Generosity! Extreme Generosity!

One of the most impressive experiences of the Camino is the extreme generosity of so many people many of whom are on very tight budgets. It is as if the Camino attracts generous people from all over the world. 

I would like to give some stories of generosity that have touched me deeply. Two days ago I pulled into a town at around 11:30am, it was a lovely day, and the sun was shining and the sky blue. As I pulled into the first cafe a young Irish man saw me and before I could take off my knapsack he asked: "What are you drinking"? We sat for a while and had a pint together and then got up and were on our way going at different speeds. It was just his generosity. 

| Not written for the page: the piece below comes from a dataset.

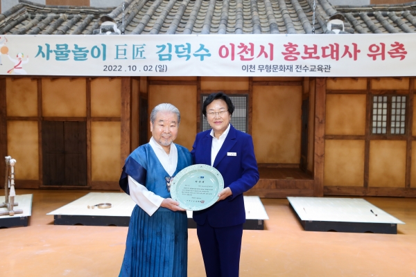 이천시(시장 김경희)는 10월 2일(일) 대한민국 사물놀이 거장 김덕수 명인을 이천시 홍보대사로 위촉했다.김덕수 명인은 대한민국 국민이라면 모르는 사람이 없을 정도로, 수많은 열정적인 공연 을 통해 사물놀이, 나아가 국악의 저변 확대에 큰 기여를 해왔으며, 외국에서도 높은 평가를 받으며 사물놀이의 진수를 전 세계에 전파하여 국위를 선양하여 왔다.

That same night a couple from Wisconsin went into a meat market to see the sausages, the place was closed but nonetheless the owner gave the couple some sausages. They cooked them and shared them out with all of us. 

Yesterday evening was the time to do a big laundry. I was putting together my dirty clothes to go to the washing machine to begin. Two other people in the room said: "Are you washing? Let us put a load together.”  We did, one of them paid to wash and the other to dry and neither would take money from me or the others. 

Last night also a young man from Germany asked me what I was doing for dinner. He said, “Join us”, his girlfriend and himself. Although we did not have a stove we managed with a microwave to cook a great pasta meal which we had with a bottle of wine which I bought. 

 

                      

 

These expressions of generosity are so common on the Camino. It is as if generosity is infectious on the way. 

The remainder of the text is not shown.